Simulation Options Setting
The Options block in the GeoSWMM Model Object Panel enables to provide simulation settings in GeoSWMM. There are five tabs in Options editor. In this Tutorial, a 12-hour simulation has been carried out at 5 minutes time step to compare the peak-runoffs for different hydraulic routing methods. Table 2.6 lists the primary simulation settings which are set for Tutorial 02.
Table 2.6: Simulation options for Tutorial 02
Parameter | Setting | Remarks | |
|---|---|---|---|
General tab | |||
Process Models (activated and checked) | Rainfall/Runoff Flow Routing | Input and analysis type | |
Infiltration Model | Horton | Method for describing infiltration process | |
Routing Model | Steady Flow Kinematic Wave Dynamic Wave (whichever is required for routing) | Methods for routing runoff through conveyance system. Comparison of model results among these methods is made in this Tutorial. (To learn more about routing, see the Appendix-B) | |
Dates tab | |||
Start Analysis on | 08/01/2016 00:00 | Date is automatically read from the computer. Change if required. | |
Start Reporting on | 08/01/2016 00:00 | Date is automatically read from the computer. Change if required. | |
End Analysis on | 08/01/2016 12:00 | Simulation duration is 12 hours | |
Time Steps tab | |||
Reporting | 0 | 00:05:00 | Reporting time interval |
Runoff: Dry Weather | 0 | 01:00:00 | Reporting time interval for dry weather runoff |
Runoff: Wet Weather | 0 | 00:05:00 | Reporting time interval for wet weather runoff |
Routing | 30 Seconds | Routing and computational time interval | |
NB: Other tabs and parameters are left with the default setting. | |||
Loss Parameters
In a catchment hydrologic process, major water losses accounted are Infiltration and Evapotranspiration. To account for infiltration loss from the subcatchments, Horton model has been applied in this Tutorial. Parameter values, which have been assigned to all subcatchments, used in this model are listed below.

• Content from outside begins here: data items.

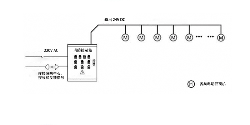 ・ 如果发生火灾既无外接电源情况下又要实现消防联动功能时,需要楼宇原有消防中心提供 220V 消防电源 给到消防控制箱,实现消防排烟窗功能。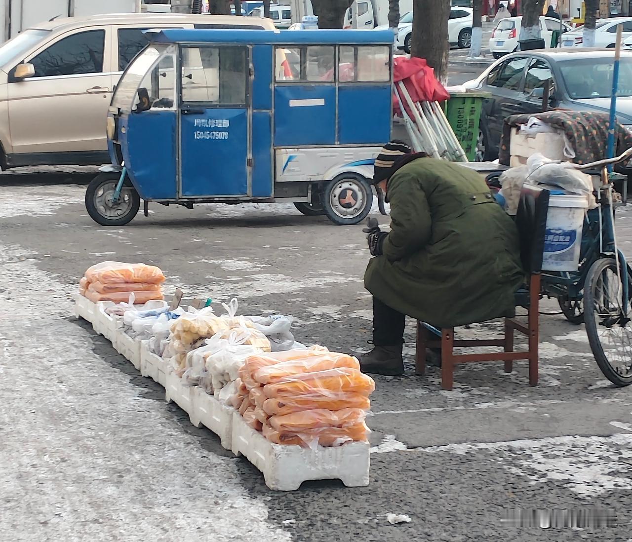 黑龙江的早市, 天刚蒙蒙亮就冒起了热气儿。 摆摊的大多是头发花白的大爷大妈, 推着小车, 守着自家种的青菜、笨鸡蛋, 还有冻得邦邦硬的粘豆包。 他们裹着厚棉袄搓着手, 嗓门洪亮地吆喝, 冻红的脸上挂着笑, 守着这一方小摊位,早市 早市食材 街头早市 东北早市蔬菜 特色早市 东北早市儿 黑龙江早市 黑河早市儿 攒着细碎又踏实的小日子。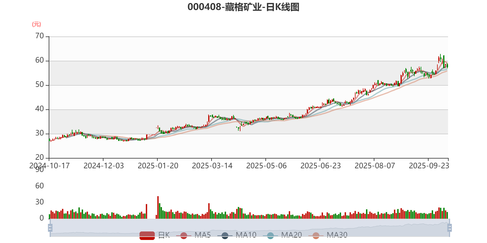 中证智能财讯藏格矿业(000408)10月17日披露2025年第三季度报告。前三季度公司实现营业总收入24.01亿元,同比增长3.35%;归母净利润27.51亿元,同比增长47.26%;扣非净利润27.56亿元,同比增长49.27%;经营活动产生的现金流量净额为13.4亿元,同比增长118.88%;报告期内,藏格矿业基本每股收益为1.7566元,加权平均净资产收益率为18.30%。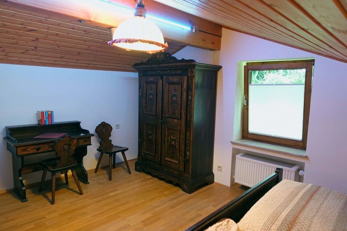 Das Schlafzimmer ist im bayrischen Stil eingerichtet, ausgestattet mit einem Kleiderschrank, Kommode mit Spiegel, Schreibtisch, zwei Stühle und einem Doppelbett mit Nachtschränken.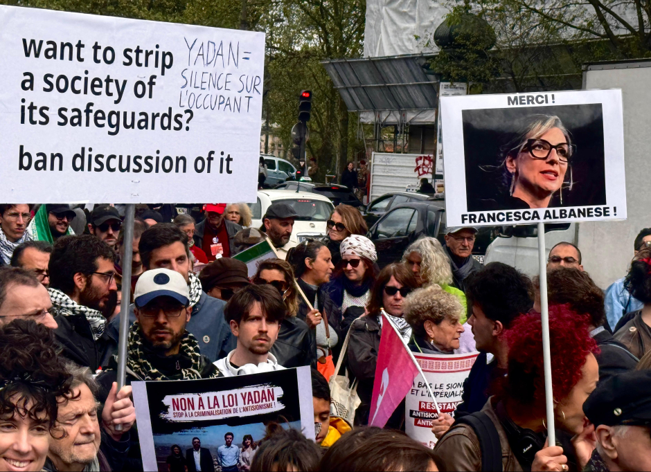Avant les rassemblements prévus aux Invalides, devant le Parlement, jeudi et vendredi prochains, jours de débat sur la loi Yadan à l'Assemblée Nationale, les militants de nombreuses associations, ont occupé la rue ce dimanche à Paris pour dire leur rejet de cette manipulation politique, visant à faire taire les opposants à la politique Israël, sous couvert de lutte contre l'antisémitisme.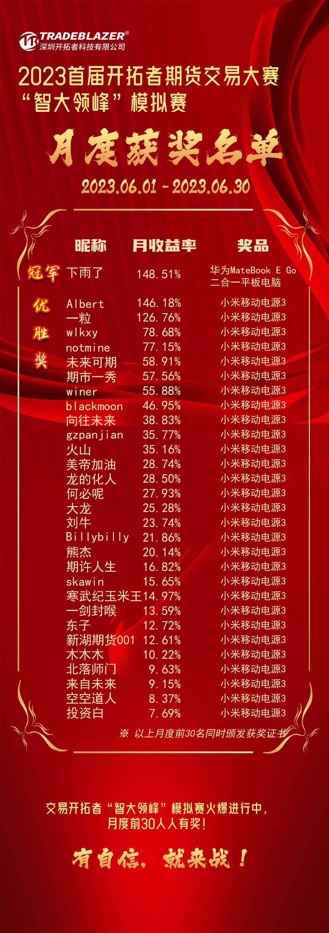 2023首届开拓者期货交易大赛 “智大领峰”模拟赛6月榜单现已结束角逐!恭喜选手“下雨了”以148.51%月收益率拿下本月冠军!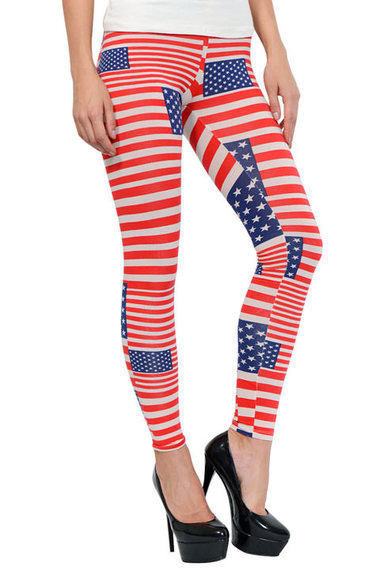 Стильные легинсы из хлопковой ткани. Модель с поясом на резинке, декорирована оригинальным принтом в цвет флага США.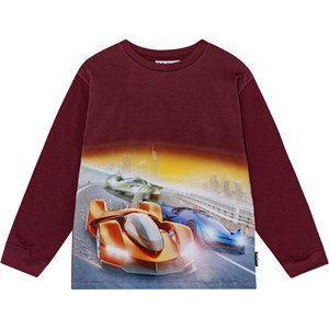 Vinröd tröja i ekologisk bomull med långa ärmar, rund hals och ribbstickad kant vid hals och ärmar. Den har en lös passform och en tryckt placering på framsidan med tre olika racerbilar, alla ivriga att vara först i mål.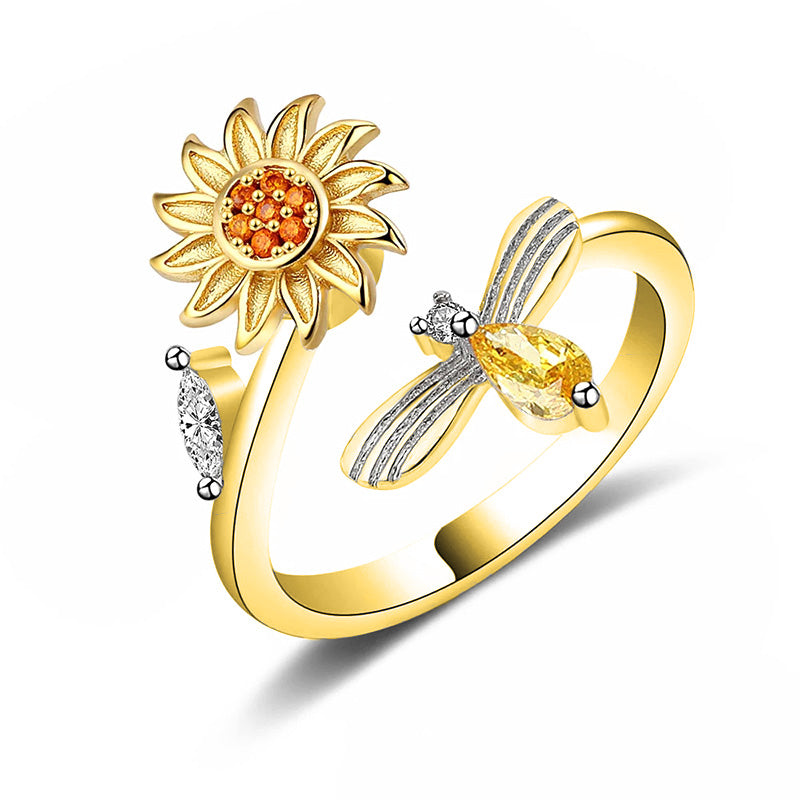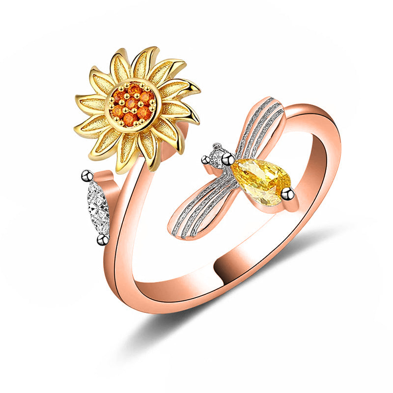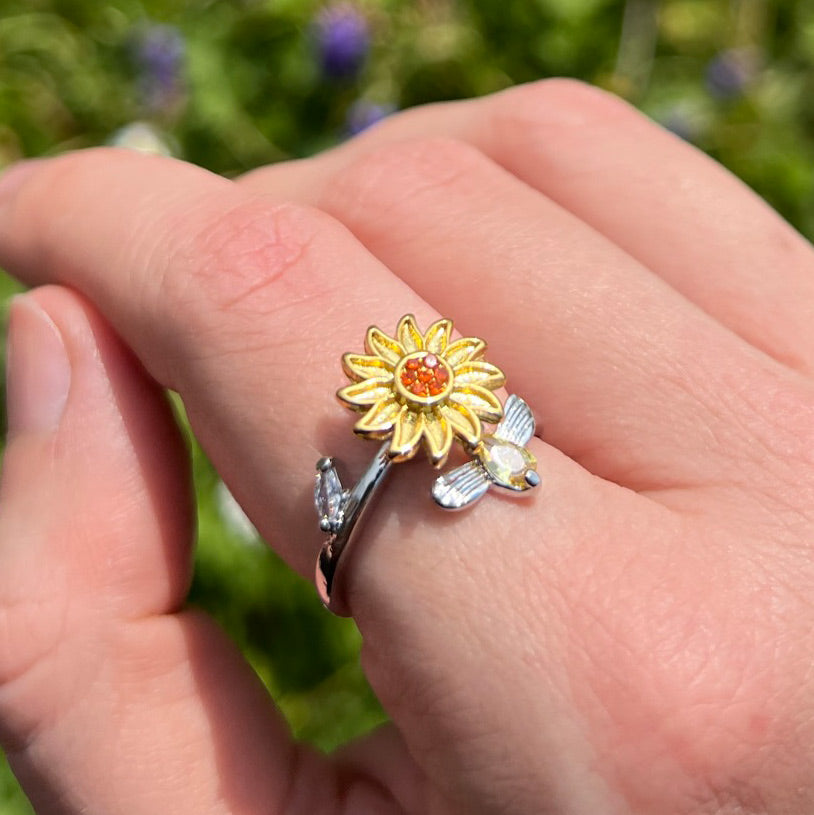Découvrez Sérénité avec notre élégant et doux bague, décoré d'un tournesol rotatif et rayonnant et d'une abeille étincelante.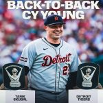 CONGRATULATIONS: Tarik Skubal Makes MLB History — Detroit’s Ace Becomes First Back-to-Back AL Cy Young Winner Since Pedro Martínez For the second straight year, Tarik Skubal has done it again — and this time, it feels even bigger. On Thursday night, the Detroit Tigers’ left-handed ace was officially named the American League Cy Young Award […]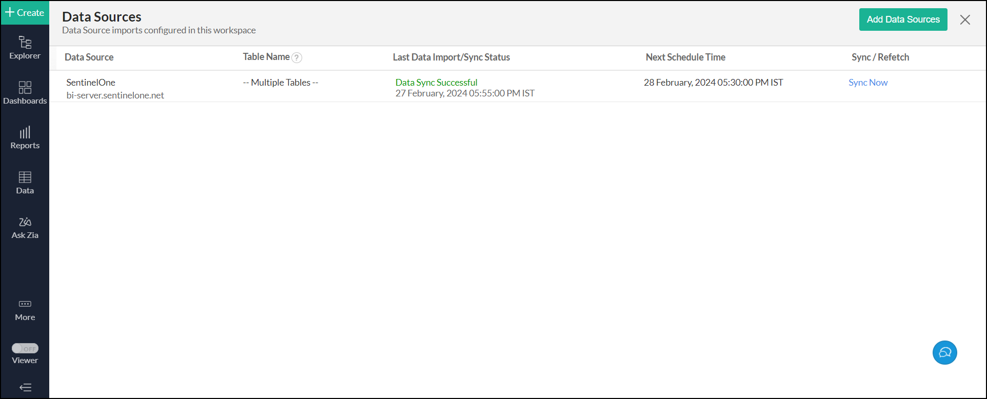 The data from SentinelOne is synchronized with Analytics Plus automatically, and stored in the form of various tables. Therefore, it is not possible to add data or modify the existing data present in these tables.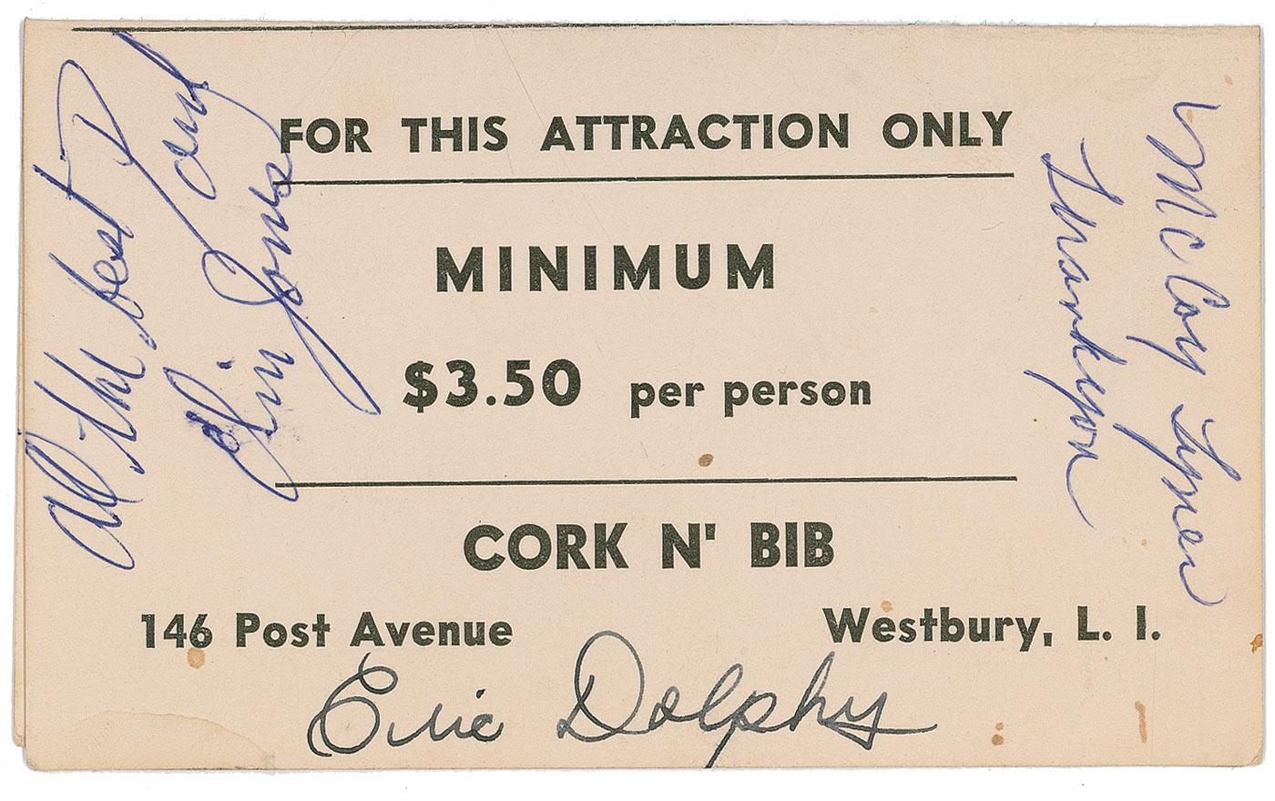 Regarded as a true original with his own distinctive styles on alto saxophone, flute, and bass clarinet, Dolphy died suddenly at the age of 36 from a diabetic coma. Table card from the Cork ‘n Bib in Westbury, Long Island, signed in-person in black ink by Dolphy, and also signed in-person in blue ballpoint by fellow John Coltrane band members McCoy Tyner, Elvin Jones, and Reggie Workman, who has signed on the opposite side and inscribed to Paul. In fine condition, with some scattered light soiling. Signed during the brief period when Dolphy joined Coltrane's usual quartet.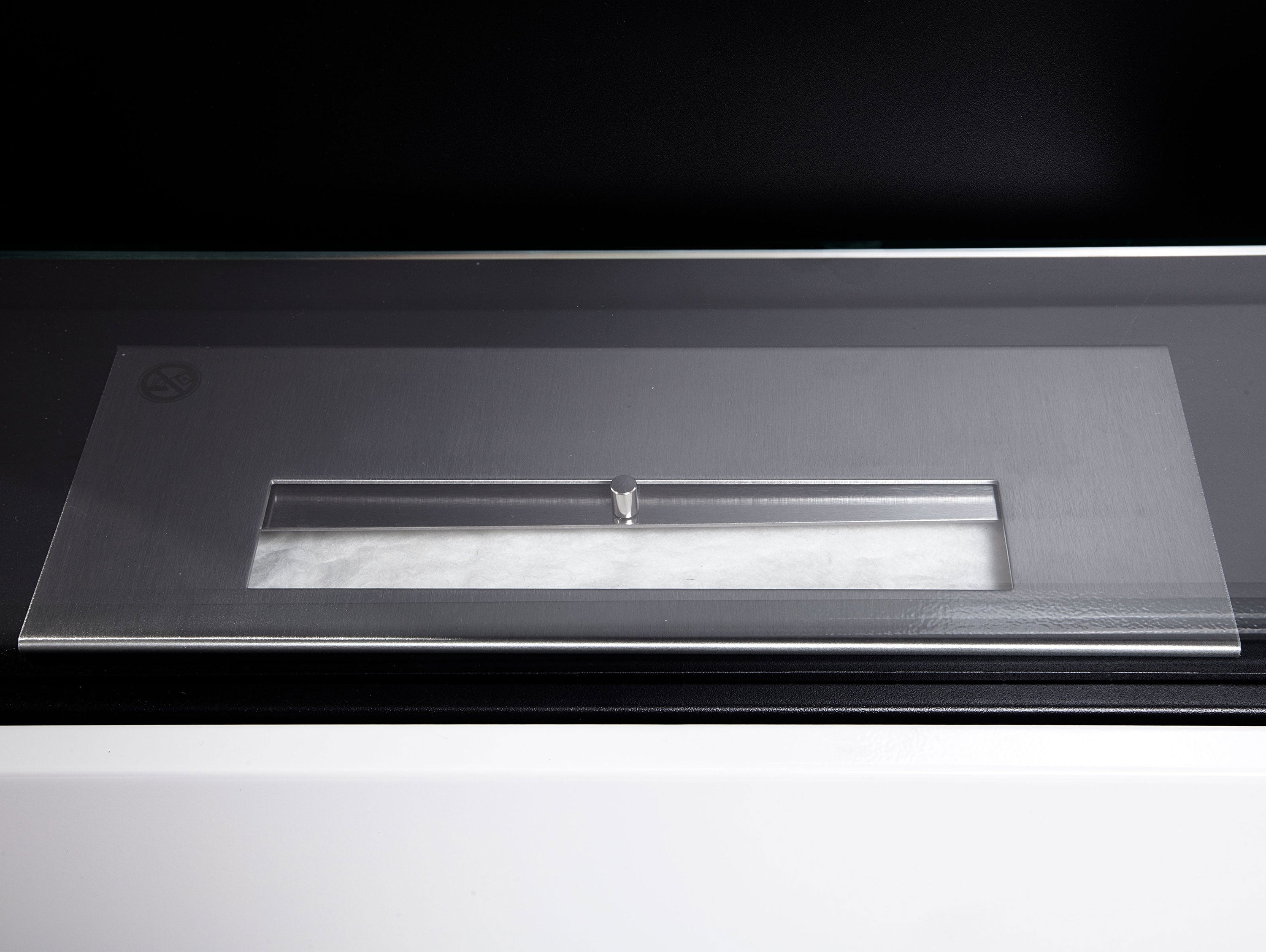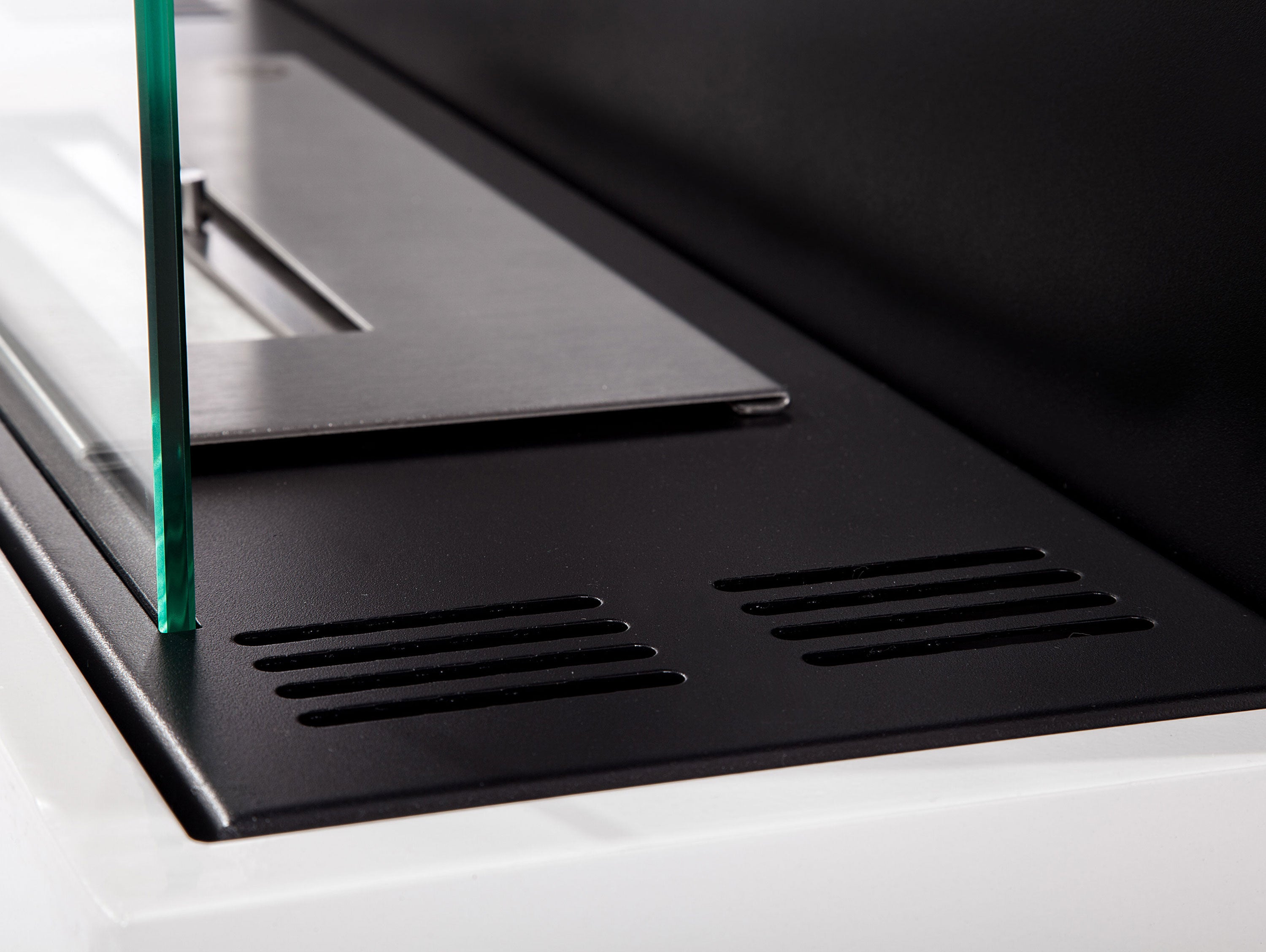 Biochimenea mural en acero blanco con fondo negro y vidrio templado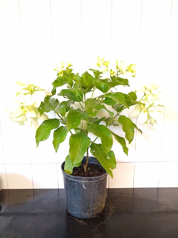 The bush can grow from 2 to 15 ft. It prefers part shade to full sun. Make sure to keep soil consistently moist. If temperatures begin to dip below 50 degrees, it’s best to bring the plant indoors.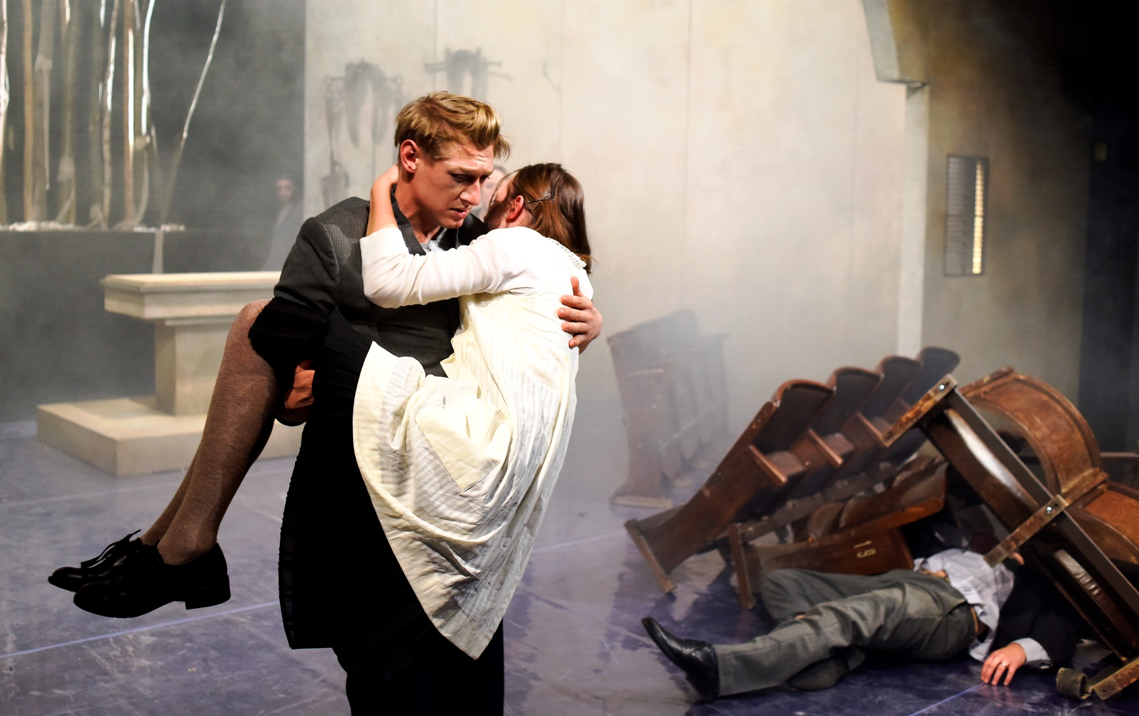 Scénografii vytvořila Gombárova stálá spolupracovnice Lucie Labajová. Ta na jevišti vytvořila prostor velké kaple s kamenným oltářem, starými, dřevěnými divadelními lavicemi a průzor k varhanám. Kostýmy Lenky Odvárkové se nedrží konkrétní folklórní ani historické tradice: jsou pojaty v jednoduchých, nadčasově působivých siluetách, doplněných výraznými detaily.

Table 2.7: Horton Infiltration Model Parameters
Parameter | Value | Unit |
|---|---|---|
Maximum Infiltration Rate | 1.5 | inch/hour |
Minimum Infiltration Rate | 0.28 | inch/hour |
Decay Constant | 5 | 1/hours |
Drying Time | 7 | days |
Maximum Volume | 0 | inches |
Note that evapotranspiration and other loss properties are not assigned to the current model. For details on these loss parameters, review the User’s Manual.